Discussion in 'other security issues & news' started by Minimalist, Jan 2, 2018.

  1. itman

    itman Registered Member

    Joined:
    Jun 22, 2010
    Posts:
    8,592
    Location:
    U.S.A.
    This only would stop a Javascript based attack. I am sure there are other ways the attack can be deployed.
     
  2. paulderdash

    paulderdash Registered Member

    Joined:
    Dec 27, 2013
    Posts:
    4,639
    Location:
    Under a bushel ...
    WBD - do you have a 4th gen (Haswell) or earlier processor?
     
  3. reasonablePrivacy

    reasonablePrivacy Registered Member

    Joined:
    Oct 7, 2017
    Posts:
    2,004
    Location:
    Member state of European Union
    I don't think so. Exploiting Spectre requires user to execute code on computer. Scripts in Javascript are a programs temporary installed by websites (not in a typical OS meaning, but they re) and executed in browser. If you don't have Javascript (and WebAssembly) enabled, you don't have a way to exploit Spectre. At least in browser.
     
  4. itman

    itman Registered Member

    Joined:
    Jun 22, 2010
    Posts:
    8,592
    Location:
    U.S.A.
    As far as I am concerned, this still remains the best test for Spectre: https://repl.it/repls/DeliriousGreenOxpecker . Granted it is "attacking" its own code running on the web server, the established assumption is it is enough proof to show you are still vulnerable.

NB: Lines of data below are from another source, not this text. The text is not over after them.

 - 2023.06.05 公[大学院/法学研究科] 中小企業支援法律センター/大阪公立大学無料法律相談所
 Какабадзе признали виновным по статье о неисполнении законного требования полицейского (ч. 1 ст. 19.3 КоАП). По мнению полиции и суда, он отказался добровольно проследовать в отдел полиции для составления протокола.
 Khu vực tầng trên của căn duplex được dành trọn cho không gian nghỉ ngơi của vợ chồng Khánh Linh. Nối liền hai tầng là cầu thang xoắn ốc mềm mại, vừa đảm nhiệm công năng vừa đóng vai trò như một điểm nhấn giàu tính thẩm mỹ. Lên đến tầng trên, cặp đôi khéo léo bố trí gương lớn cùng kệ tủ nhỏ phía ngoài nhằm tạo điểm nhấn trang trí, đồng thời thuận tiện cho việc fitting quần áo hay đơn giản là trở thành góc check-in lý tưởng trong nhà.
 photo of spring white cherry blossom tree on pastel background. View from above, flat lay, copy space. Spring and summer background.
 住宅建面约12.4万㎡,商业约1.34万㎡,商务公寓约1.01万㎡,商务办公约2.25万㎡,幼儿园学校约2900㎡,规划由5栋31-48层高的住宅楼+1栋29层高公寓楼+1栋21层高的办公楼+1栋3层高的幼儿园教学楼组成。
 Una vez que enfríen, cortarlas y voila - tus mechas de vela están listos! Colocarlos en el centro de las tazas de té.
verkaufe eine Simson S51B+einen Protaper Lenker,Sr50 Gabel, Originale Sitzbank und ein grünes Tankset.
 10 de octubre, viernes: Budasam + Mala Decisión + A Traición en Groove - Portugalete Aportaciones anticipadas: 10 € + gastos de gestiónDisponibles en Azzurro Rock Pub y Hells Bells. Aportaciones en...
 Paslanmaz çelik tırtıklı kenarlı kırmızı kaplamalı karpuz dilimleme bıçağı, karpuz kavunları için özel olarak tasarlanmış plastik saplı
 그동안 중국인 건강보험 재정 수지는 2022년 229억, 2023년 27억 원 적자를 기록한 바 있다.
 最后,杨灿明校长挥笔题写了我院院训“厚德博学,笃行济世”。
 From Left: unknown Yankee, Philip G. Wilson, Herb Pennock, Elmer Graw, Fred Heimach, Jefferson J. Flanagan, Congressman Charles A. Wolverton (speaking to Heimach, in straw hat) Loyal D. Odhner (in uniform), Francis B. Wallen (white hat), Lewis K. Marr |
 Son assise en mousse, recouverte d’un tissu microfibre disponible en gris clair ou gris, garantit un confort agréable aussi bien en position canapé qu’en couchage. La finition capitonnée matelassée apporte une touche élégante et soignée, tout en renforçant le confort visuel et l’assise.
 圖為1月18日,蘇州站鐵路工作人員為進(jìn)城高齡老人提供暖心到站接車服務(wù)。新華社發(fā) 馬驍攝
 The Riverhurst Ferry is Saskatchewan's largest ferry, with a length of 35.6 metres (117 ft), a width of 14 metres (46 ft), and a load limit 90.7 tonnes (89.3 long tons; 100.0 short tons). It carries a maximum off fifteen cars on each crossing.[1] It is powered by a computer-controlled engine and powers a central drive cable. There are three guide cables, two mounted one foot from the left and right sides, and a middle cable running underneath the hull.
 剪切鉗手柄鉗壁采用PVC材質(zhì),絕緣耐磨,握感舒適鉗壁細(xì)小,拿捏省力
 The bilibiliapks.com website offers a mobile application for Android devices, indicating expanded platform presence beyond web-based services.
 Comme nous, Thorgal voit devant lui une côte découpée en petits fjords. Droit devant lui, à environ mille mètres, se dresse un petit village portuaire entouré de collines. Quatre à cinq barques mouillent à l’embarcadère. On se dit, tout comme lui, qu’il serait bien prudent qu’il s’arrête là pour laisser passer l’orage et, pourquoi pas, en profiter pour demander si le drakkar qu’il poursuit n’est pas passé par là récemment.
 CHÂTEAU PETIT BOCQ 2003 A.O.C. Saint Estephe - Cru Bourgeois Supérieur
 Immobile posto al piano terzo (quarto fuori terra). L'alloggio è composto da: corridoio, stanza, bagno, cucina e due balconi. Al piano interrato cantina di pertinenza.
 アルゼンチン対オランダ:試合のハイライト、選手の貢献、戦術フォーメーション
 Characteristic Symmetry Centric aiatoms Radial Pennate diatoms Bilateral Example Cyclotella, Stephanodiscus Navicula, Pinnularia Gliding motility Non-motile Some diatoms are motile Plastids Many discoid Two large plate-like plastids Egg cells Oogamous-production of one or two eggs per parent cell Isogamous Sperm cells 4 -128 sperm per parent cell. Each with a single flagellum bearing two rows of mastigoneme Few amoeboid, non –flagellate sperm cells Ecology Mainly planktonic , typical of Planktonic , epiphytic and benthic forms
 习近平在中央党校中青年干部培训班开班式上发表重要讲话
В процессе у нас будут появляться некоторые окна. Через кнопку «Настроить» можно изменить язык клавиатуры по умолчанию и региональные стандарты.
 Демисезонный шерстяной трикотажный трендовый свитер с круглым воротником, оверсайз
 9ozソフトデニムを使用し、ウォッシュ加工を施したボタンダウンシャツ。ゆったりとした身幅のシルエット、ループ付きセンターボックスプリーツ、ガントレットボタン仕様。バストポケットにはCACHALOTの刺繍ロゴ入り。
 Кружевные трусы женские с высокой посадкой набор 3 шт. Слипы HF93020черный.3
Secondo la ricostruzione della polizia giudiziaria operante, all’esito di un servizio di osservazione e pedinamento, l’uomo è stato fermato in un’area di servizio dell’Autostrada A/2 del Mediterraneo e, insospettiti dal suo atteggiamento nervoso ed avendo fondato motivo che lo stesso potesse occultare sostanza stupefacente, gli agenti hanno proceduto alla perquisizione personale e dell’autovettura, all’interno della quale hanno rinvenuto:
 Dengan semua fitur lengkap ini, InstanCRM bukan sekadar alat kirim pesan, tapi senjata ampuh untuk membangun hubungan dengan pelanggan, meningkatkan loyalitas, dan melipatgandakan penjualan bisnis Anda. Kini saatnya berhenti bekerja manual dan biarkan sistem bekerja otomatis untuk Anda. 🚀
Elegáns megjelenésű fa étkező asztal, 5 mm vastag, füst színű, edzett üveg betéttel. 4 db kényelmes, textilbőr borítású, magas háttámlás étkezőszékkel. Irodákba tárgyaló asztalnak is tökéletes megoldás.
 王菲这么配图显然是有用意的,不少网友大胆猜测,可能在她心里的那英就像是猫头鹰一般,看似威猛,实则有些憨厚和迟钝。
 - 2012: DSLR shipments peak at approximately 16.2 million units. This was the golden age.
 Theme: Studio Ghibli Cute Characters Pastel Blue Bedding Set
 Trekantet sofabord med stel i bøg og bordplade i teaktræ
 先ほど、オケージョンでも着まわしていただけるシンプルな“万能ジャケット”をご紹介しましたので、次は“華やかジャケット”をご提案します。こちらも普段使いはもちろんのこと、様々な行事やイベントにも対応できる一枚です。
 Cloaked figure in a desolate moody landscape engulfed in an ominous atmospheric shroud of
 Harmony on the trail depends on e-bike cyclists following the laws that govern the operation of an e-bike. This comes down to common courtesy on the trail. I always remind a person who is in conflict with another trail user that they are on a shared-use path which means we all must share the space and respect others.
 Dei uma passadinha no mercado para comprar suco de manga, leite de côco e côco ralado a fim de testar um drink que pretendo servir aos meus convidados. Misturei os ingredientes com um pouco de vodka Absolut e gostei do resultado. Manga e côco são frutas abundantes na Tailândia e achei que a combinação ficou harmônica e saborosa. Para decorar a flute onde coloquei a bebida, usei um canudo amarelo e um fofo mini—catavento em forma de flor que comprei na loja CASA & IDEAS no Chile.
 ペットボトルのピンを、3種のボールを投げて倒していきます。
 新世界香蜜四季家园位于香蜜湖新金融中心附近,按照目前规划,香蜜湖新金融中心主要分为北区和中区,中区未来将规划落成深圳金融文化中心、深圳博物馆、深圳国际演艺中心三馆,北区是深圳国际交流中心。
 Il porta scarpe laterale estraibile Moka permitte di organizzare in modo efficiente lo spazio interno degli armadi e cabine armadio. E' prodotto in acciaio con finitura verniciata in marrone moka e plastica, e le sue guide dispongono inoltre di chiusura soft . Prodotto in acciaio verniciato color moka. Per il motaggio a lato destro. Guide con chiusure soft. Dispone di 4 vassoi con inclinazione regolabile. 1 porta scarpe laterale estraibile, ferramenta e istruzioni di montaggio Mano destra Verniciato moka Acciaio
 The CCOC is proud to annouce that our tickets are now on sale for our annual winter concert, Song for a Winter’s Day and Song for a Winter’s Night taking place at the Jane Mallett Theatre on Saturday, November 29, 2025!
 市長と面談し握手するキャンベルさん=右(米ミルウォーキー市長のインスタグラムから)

    Intel folks that are fully patched now should access the site in their browsers and determine if the wording "The Magic Words are Squeamish Ossifrage" in the displayed output.
     
  5. mary7

    mary7 Registered Member

    Joined:
    Oct 17, 2017
    Posts:
    57
    Location:
    Italy
    I have a question:

    my desktop as BIOS 255 from 05/26/2015 System model: ASUS all series so what I have to put on the Asus site to search for the BIOS update?
     
  6. itman

    itman Registered Member

    Joined:
    Jun 22, 2010
    Posts:
    8,592
    Location:
    U.S.A.
    Based on what is described here: http://www.tomshardware.com/news/meltdown-spectre-exploit-browser-javascript,36221.html and other like articles, its not an issue of use of javacript by the browsers as much as javascript processing mechanisms within the browser for example could be exploited as one attack scenario:
    In other words, the software vendors are currently doing "Band-Aid" patches to mitigate known and currently demonstrated vulnerabilities.
     
  7. paulderdash

    paulderdash Registered Member

    Joined:
    Dec 27, 2013
    Posts:
    4,639
    Location:
    Under a bushel ...
    Should these words appear if patched, or not?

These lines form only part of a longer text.